Previously, India had been entering a period of reduced COVID-19 pandemic but then experienced a surge again as the delta variant spread rapidly. The explosive increase in patients led to depletion of hospital beds and medical oxygen supplies.14 The precedent of India presents many challenges that other countries will experience. To combat the spread of the delta variant, sufficient medical resources must be prepared to accommodate the growing number of patients with severe disease. South Korea is solving this problem by making it mandatory to install beds for severe patients in medium-to-large hospitals and setting up RTCs for mild patients nationwidely.

In order to reduce the number of severe COVID-19 patients and make more efficient management of medical resources, South Korea's vaccination plan began with a focus on the elderly and essential social workers. As a result, people < 60 age had to wait for vaccinations, and the fourth wave outbreak began around this age group in South Korea. This suggests that most of the study patients who entered our RTCs during the in delta variant outbreak (mean age 39.9 years) were unvaccinated, and the impact of vaccination on our results is thought to be negligible.

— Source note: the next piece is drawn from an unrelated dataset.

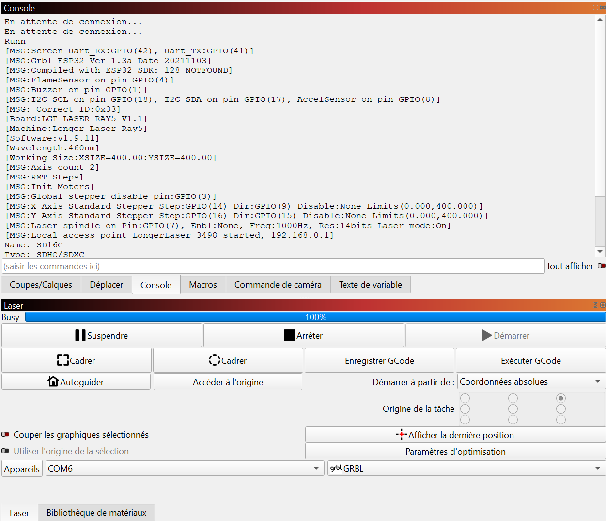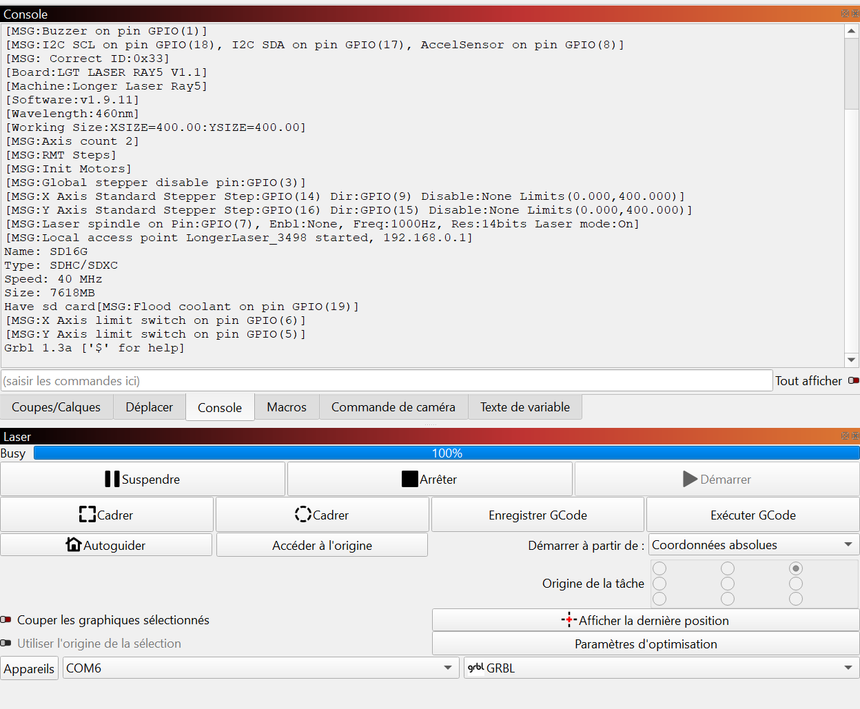 I am having a connection issue with my Longer Ray5 laser. As soon as the machine connects, LightBurn status switches to “Busy 100%” and I cannot move the laser or run any jobs.
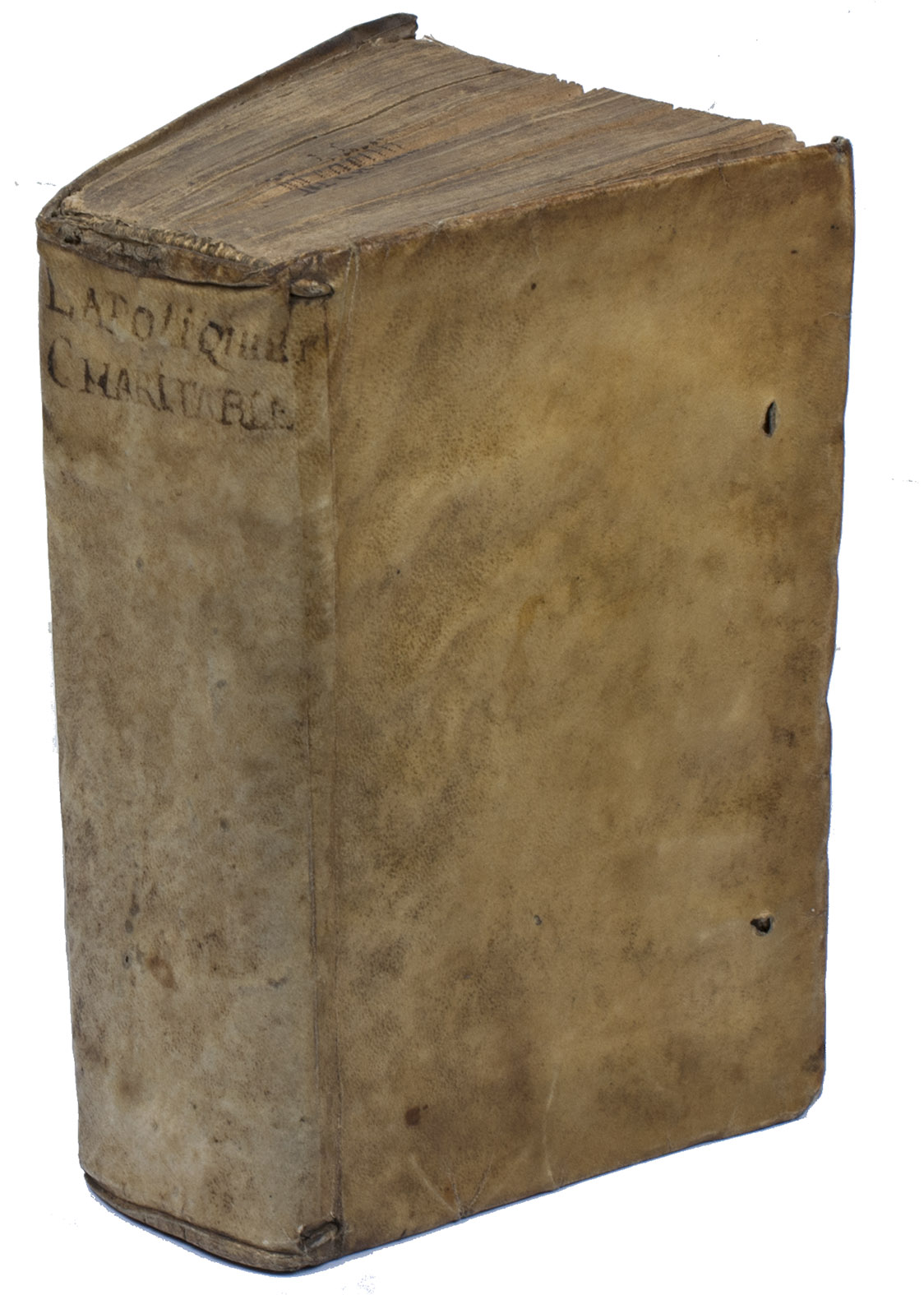 Paris, Jean Gesselin, 1634. 8vo. With engraved title-page. Contemporary limp sheepskin parchment. [22], [2 blank], “718”[=710], [2], 24 pp.

Our study had several limitations. First, whole-genome sequencing was not performed to identify the SARS-CoV-2 variants in our patients. Instead, we established a study group based on the detection rate of the delta variants indirectly determined through random sampling. Second, patients with risk factors for severe COVID-19 were rarely included in our cohort. Hence, our results cannot be applied to those patients. Third, we could not access the patients’ vaccination records. Thus, the association between vaccination and the severity of the delta variant was difficult to be determined. However, given South Korea’s low vaccination rate in low-risk groups, the number of vaccinated patients was expected to be minimal until the study period.

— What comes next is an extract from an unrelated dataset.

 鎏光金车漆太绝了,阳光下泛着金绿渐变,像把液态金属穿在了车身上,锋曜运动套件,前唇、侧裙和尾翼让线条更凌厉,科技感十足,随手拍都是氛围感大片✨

Despite these limitations, our study had the following strength. We reviewed the medical information of adult COVID-19 patients without risk factors for severe disease from diagnosis to release from isolation. This approach provided a clearer understanding of the clinical course of asymptomatic to moderate COVID-19 patients than could be achieved in previous studies.

In conclusion, we found increased hospitalization in the adult COVID-19 patients diagnosed during the delta variant nationwide outbreak in South Korea. The incidence of pneumonia was higher and number of various COVID-19 symptoms was greater in the patients diagnosed during the delta variant outbreak than in those diagnosed earlier. Health care authorities should be aware of the greater toxicity of the delta variant. Appropriate countermeasures against pandemic of this variant are urgently required.